It was a handshake and a conversation 22 years ago that saw a coastal lad head west and follow his dreams.
Having grown up at Kempsey on the Mid North Coast, Shad Bailey from Colin Say and Co spent every Saturday and anytime he wasn't at school in the saleyards.
"I was virtually a coastal boy, it was coast and sport, which is what I grew up with," Mr Bailey said.
"I have always been drawn to the sector and had an interest in stock growing up on a little farm at Euroka as dad was high up in the horse scene and I loved showing cattle."
Learning the trade from Ian Argue of Kempsey Stock and Land, Mr Bailey said the pair had a "good conversation" one day that changed the direction of his career path.
"I never had plans to leave Kempsey, I wanted to stay at Kempsey Stock and Land but Ian said to me "Shad, your future is west" and 10 days later I was in Dubbo, that conversation changed my life and I never looked back," Mr Bailey said.
Mr Bailey went straight to PT Lord, Dakin and Associate, Dubbo when he finished his high school certificate in 1998 where he stayed for 18 months before spending nearly three years with Carter Lindsay and Weber.

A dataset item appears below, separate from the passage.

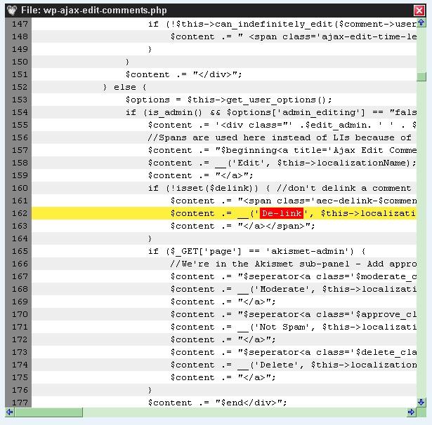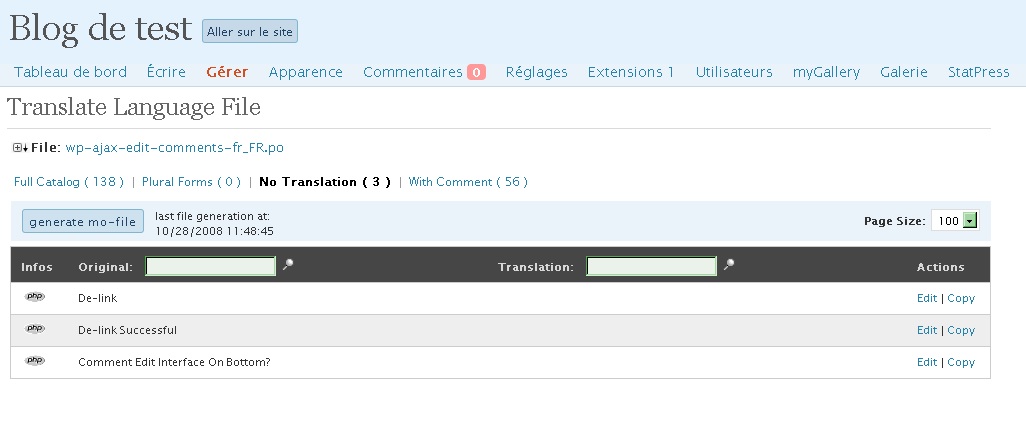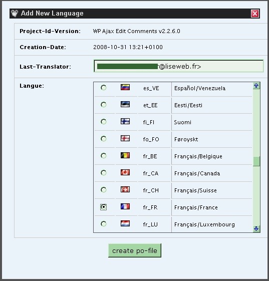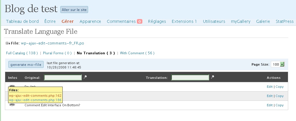 Autre limitation : pour reprendre la traduction déjà effectuée que je souhaitais mettre à jour, j’ai copié mon ancien fichier .pot dans le répertoire wp-content/plugins/. Codestyling Localization s’attend à trouver un fichier de traduction qui porte le même nom que le plugin : il m’a fallu alors renommer mon fichier ajaxEdit-fr_FR.mo en wp-ajax-edit-comments-fr_FR.po pour qu’il soit « vu » du plugin.

From there he went to work in Glen Innes at the start of 2003 with Landmark, then Wesfarmers, to try his hand in the corporate sector.
That conversation changed my life and I never looked back.- Shad Bailey, Colin Say and Co director
At the start of 2008 he went to Colin Say and Co where he worked as an agent auctioneer before becoming a director in 2010 - one of the the highlights of his career.
"To say you are part of your own business is certainly a highlight and being an auctioneer in the current climate is very exciting on both the commercial and stud stock scenes," he said.
"To me the best thing about this job is the trust you have with your clients and the people who are wanting to buy the stock.
"It's the satisfaction of dealing with clients and getting the rewards for them and taking pride in what you do, it a great feeling. Plus you are doing something different every day in this job."
Looking ahead, Mr Bailey said the future of the industry was strong.
"We are in great hands right now, you can't speak to what it will be in four to five years time but as far as the whole sector goes, our product looks very rosy for the short term."
When asked where the best place on the road is, he quickly said Queensland, with a laugh.
"It's because I go for Queensland, which comes back to doing a family tree in a primary school assessment task and because my mum is a Lewis, and I loved Wally Lewis. We also have good clients up there," he said.